_Exercise instructions:_
The stretch from the line with "Колючий фиолетовый цветок" through the line with "(2)拇指征:令患者拇指内收" in the records below: write it out exactly, and nothing else.

[Opening Available data section]

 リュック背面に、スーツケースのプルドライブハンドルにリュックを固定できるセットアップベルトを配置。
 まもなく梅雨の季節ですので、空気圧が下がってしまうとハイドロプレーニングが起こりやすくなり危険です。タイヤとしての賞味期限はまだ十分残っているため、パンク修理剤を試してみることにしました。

[Closing Available data section]
[Opening Available data section]

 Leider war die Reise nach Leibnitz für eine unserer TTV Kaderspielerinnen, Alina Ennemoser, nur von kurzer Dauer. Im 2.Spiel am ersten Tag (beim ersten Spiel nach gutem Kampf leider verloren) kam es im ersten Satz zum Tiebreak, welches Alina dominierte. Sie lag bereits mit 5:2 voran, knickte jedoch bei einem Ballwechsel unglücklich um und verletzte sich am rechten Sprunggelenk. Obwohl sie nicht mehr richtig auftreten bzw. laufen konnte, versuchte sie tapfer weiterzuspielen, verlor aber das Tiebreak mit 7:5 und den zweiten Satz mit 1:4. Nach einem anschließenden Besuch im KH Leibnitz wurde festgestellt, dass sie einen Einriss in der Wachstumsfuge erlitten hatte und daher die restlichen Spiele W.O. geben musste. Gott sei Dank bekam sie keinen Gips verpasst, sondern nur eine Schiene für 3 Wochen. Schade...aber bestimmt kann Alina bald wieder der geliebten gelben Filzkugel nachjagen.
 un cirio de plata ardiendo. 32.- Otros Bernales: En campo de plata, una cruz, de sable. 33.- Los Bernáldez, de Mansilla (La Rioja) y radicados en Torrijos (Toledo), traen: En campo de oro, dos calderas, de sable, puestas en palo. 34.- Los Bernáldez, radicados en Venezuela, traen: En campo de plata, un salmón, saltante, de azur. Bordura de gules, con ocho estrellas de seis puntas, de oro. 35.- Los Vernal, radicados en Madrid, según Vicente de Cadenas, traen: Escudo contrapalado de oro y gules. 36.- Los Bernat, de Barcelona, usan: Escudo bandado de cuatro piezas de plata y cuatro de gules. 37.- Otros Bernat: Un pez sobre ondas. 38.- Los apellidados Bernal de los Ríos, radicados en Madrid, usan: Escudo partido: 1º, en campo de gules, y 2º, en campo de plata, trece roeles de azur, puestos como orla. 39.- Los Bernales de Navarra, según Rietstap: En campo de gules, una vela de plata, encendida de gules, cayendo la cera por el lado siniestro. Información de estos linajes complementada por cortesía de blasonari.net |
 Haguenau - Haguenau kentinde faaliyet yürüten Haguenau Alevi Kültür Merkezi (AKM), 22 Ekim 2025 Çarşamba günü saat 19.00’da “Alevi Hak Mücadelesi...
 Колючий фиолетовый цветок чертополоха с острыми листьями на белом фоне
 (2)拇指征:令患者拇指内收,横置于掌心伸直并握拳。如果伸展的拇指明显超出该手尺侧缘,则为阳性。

[Closing Available data section]
[Opening Available data section]

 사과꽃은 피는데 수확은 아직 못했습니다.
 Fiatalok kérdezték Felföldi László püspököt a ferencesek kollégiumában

[Closing Available data section]

_Written reply:_
 Колючий фиолетовый цветок чертополоха с острыми листьями на белом фоне
 (2)拇指征:令患者拇指内收,横置于掌心伸直并握拳。如果伸展的拇指明显超出该手尺侧缘,则为阳性。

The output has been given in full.